Dubbed "Bowsette" by English-speaking fans and "Koopa-hime" ( "Princess Koopa") by Japanese fans, the character quickly began trending on social media internationally to the point of being recognised as one of the biggest video game memes of 2018. She also became popular among artists and cosplayers online; journalists noted that fan art of Bowsette had ranged between wholesome, with some using it as a means to draw her with different body type, and erotic or NSFW, and that the character also receiving a large amount of searches on pornographic websites throughout the year. Major Japanese manga and video game artists also joined in on the trend by creating fan art of the character. Bowsette's popularity also led to other Mario franchise enemies receiving similar attention and fan art such as "Boosette", a transformed version of King Boo. Despite Bowsette's popularity, Nintendo refused to comment on it, instead posting on the New Super Mario Bros. U Deluxe website that only Toadette was capable of using the Super Crown. However, concept art from the Super Mario Odyssey artbook was discovered that featured an unused scene of Bowser taking control of Peach's body using his version of the game's capture mechanic, which looked similar to Bowsette.

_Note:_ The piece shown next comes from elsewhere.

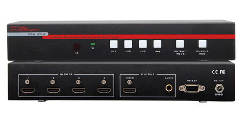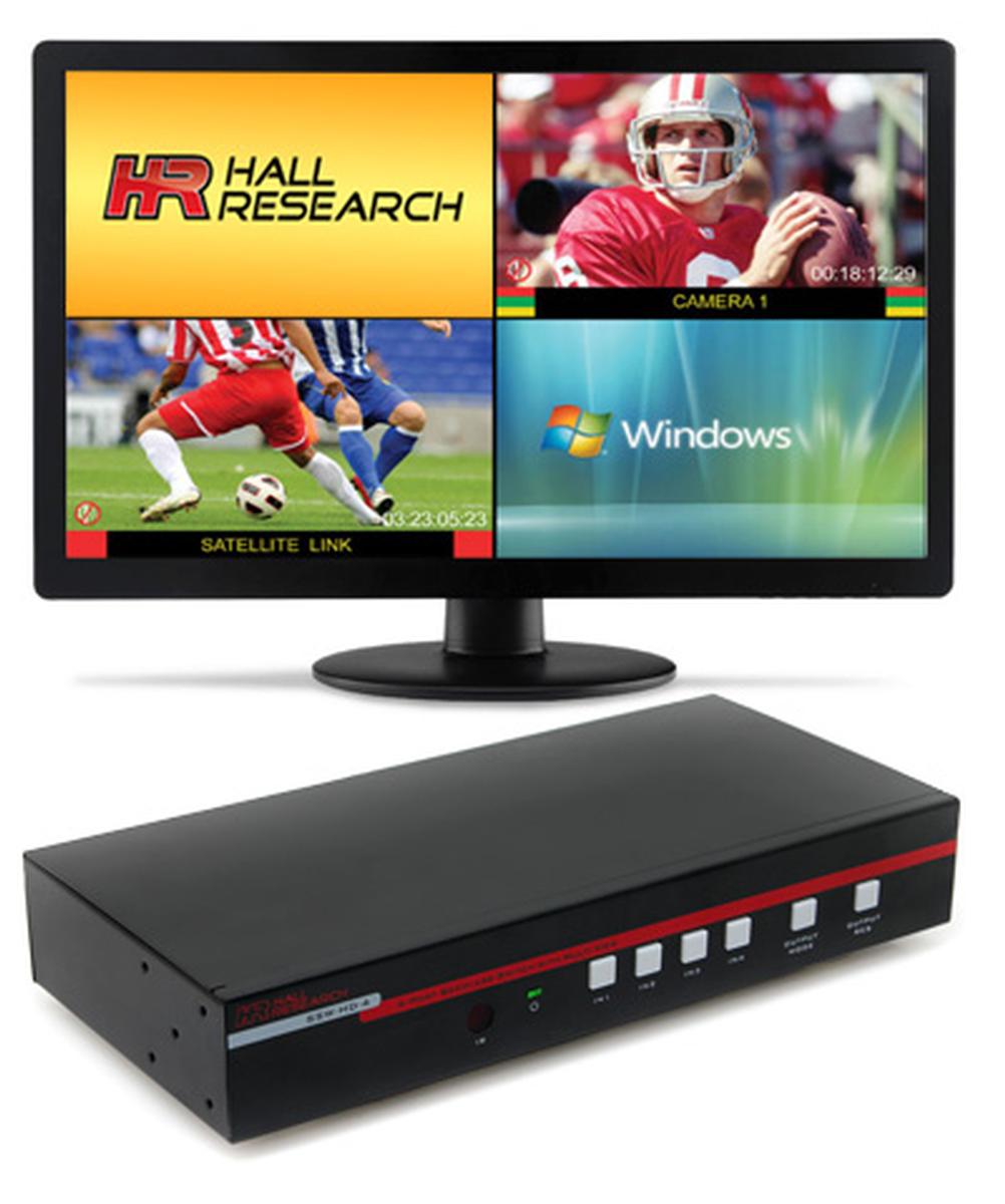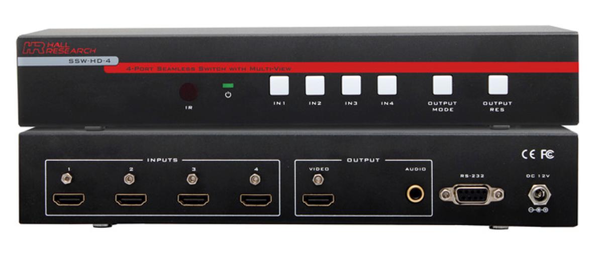 Introducing the SSW-HD-4 4-Input HDMI Seamless Switch from Hall Research, with Real-time Multiview Modes. This device lets the user(s) connect four HDMI inputs and display them on one display with the option to show all four inputs simultaneously in real-time with a variety of layout configurations. Switching between inputs when showing only one input at a time has a zero transition delay and is completely seamless.

The Bowsette phenomenon became the subject of commentary among critics due to its rapid popularity, overwhelming amount of art and the juxtaposition of an impure version of a character from a franchise typically seen as family-friendly; Some critics also commented that the name "Bowsette" was a misnomer, as the "-ette" in the name stems from Toadette rather than Peach. Hester had noticed that the character had been adopted as a representation of a transfeminine person in online circles, such as communities on art forums who accepted depictions of the character as either transgender or cisgender woman. Similar, Jeremy Chow described Bowsette as a mix of "dominatrix, monster-girl tropes in ways that have resounded with global trans women and trans femme audiences". Chow further identified how some people online saw Bowsette as form of transformative expression by going from gender-dysphoric to being confident and happy in their identity. Due to the character's popularity, many fans signed petitions to call for the character to become canon in the franchise's canon.